Vast amounts of slow-loading overdesigned chartjunk. The home page is stuffed
with lovingly Photoshopped filler material, author photos, and the covers of
books. It does seem like a great website for people who don't like to read.

A search on "Wallace Stevens" at borders.com brings me to this page:

[http://www.borders.com/online/store/SearchResults?keyword=wa...](http://www.borders.com/online/store/SearchResults?keyword=wallace+stevens&type=0&simple=1)

Prices are shown for only three books. The rest are shown as covers only; to
see prices or titles you have to hover over them and wait for the slow-zooming
JS popup. No user ratings anywhere, possibly because this site is ten years
late to the party and doesn't have a database of user ratings like Amazon's.
No used-book prices. You can get to a used-book site from Borders, but it
comes complete with a warning popup (!) which tells you that it's a separate
site requiring a separate login.

The equivalent Amazon page:

[http://www.amazon.com/s/ref=nb_ss_gw/102-8248473-4108915?url...](http://www.amazon.com/s/ref=nb_ss_gw/102-8248473-4108915?url=search-
alias%3Daps&field-keywords=wallace+stevens&x=0&y=0)

... makes it instantly apparent that Amazon's new-book prices are 20 to 40%
lower... to say nothing of the used book prices, which are right there for
comparison.

The best that can be said for this site is that it may have met its primary
design criterion: "Do not be Amazon, and make sure people know that we're not
Amazon."

------
agotterer
Click the "books" link...

"Error This page can't be displayed due to a security violation. Contact
support for additional information"

But the magic book scrolling thing on the homepage is pretty nice.

------
jakewolf
I'm an Amazon Prime addict. Need I say more? You can get a brand new copy of
"The Rails Way" for $18.50 less on amazon.

I checked the number of customer reviews for a few different books and most
Border's books have few to none while amazon's have many to 100's.

------
chaostheory
has the blog author actually visited Amazon recently? Amazon is a lot more
than just books, music, and dvds now. I can think of a lot of product
categories borders doesn't even touch, let alone specific products.

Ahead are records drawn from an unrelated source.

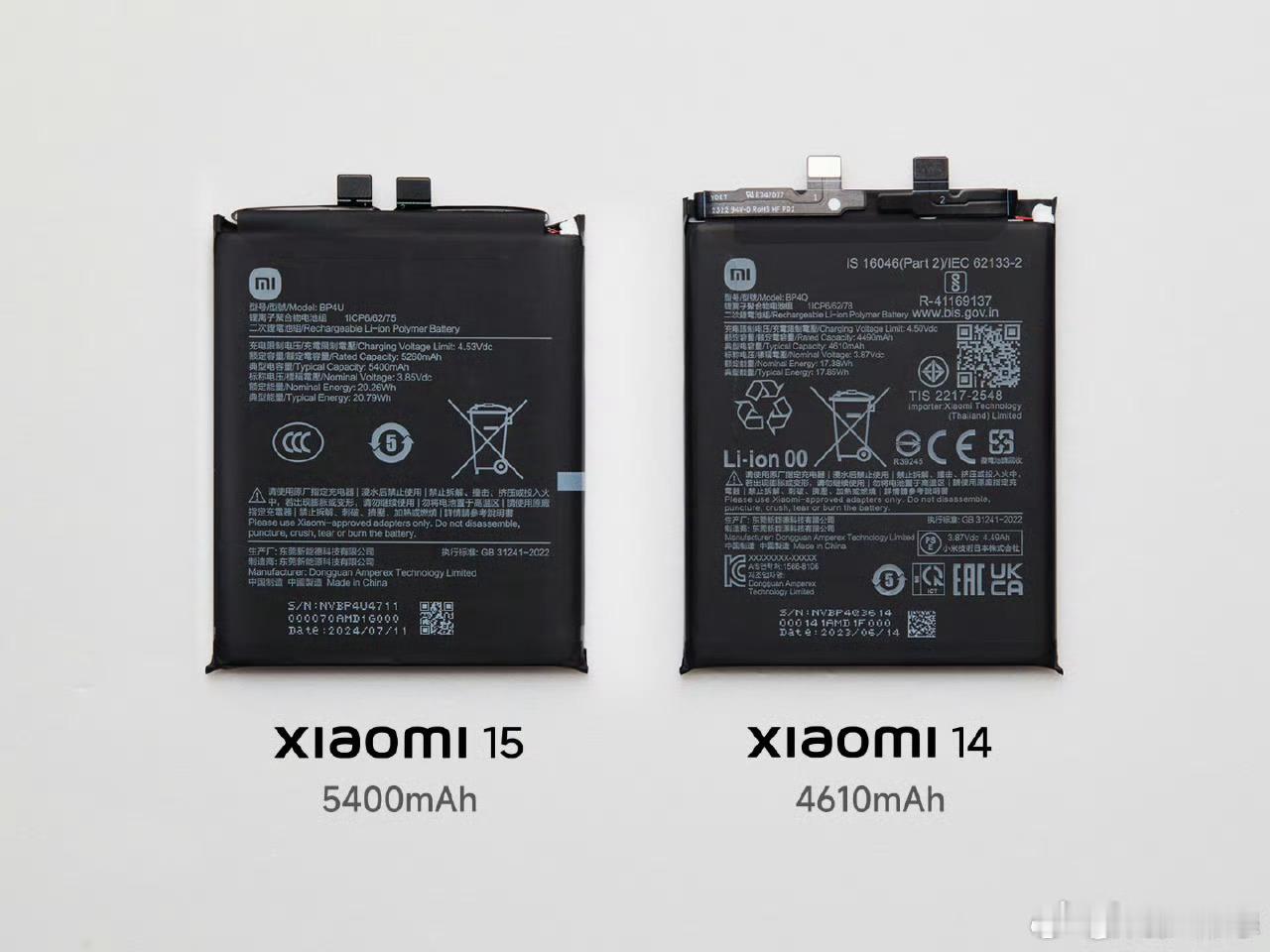 得益于小米金沙江电池这次把能量密度做到了惊人的850Wh/L,之前只能放下4610mAh的14,现在差不多的电池空间,小米15可以放下5400mAh,从而续航提升23%,而小米15 Pro是6100mAh,续航提升38%。
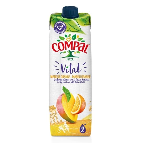 CompareSumo de fruta, sabor manga-laranja , com calorias reduzidas e adocado com Stevia, um ingredient 100% natural.
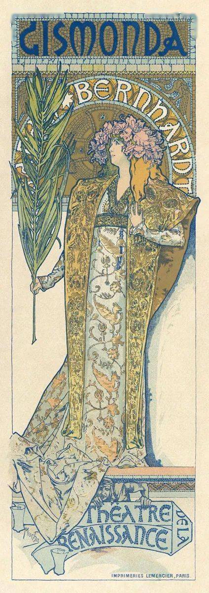 穆夏为莎拉出演的歌舞剧《吉斯蒙达》设计海报,自此名声大噪。
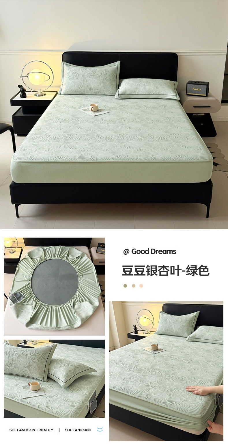 商品名称:牵梦萦家纺 2026新款立体浮雕压花工艺凉感豆豆凉席-床笠款 豆豆银杏叶-绿色
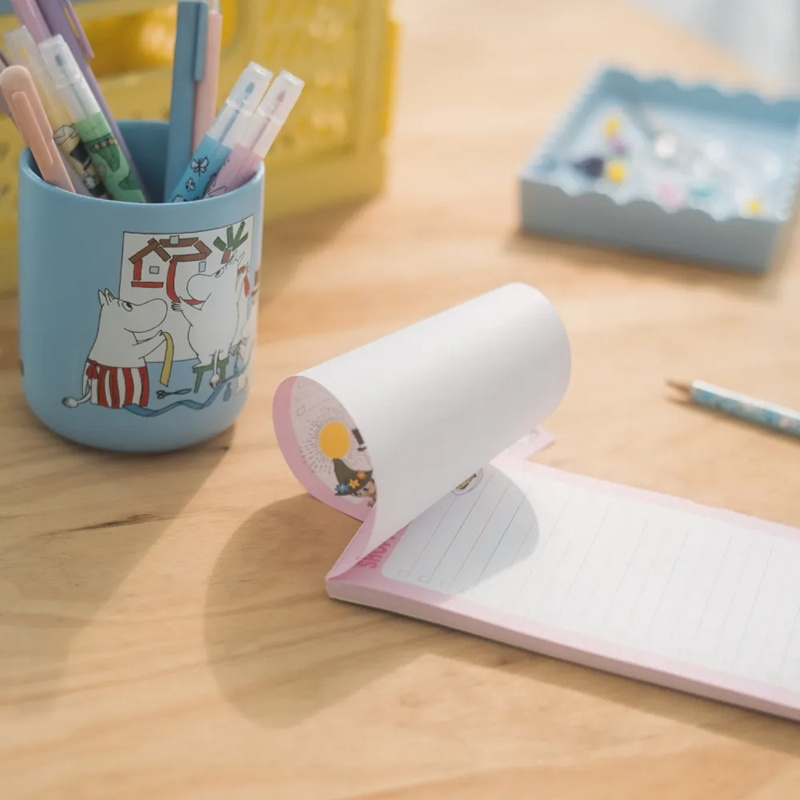 Notatnik ma wymiary 10 × 21 cm i zawiera 65 odrywalnych kartek, a w zestawie znajduje się ołówek dopasowany do motywu. Mocne magnesy zapewniają stabilność i uniemożliwiają zsuwanie się notatnika z powierzchni metalowych. Całość zdobi licencjonowana grafika Muminków inspirowana klasycznymi ilustracjami Tove Jansson, dodając uroku każdemu wnętrzu.

O yeah - Amazon isn't the only company selling stuff on its website... this
post seems more like a paid PR piece than anything enlightening. I don't even
know how this story even got past 1 vote

------
maximilian
It seems nice, but my old 1ghz powerbook hates flash more than i do, so they
won't get any love from me until i get a new computer.

------
joao
Looks too much like Delicious Library (<http://delicious-monster.com>)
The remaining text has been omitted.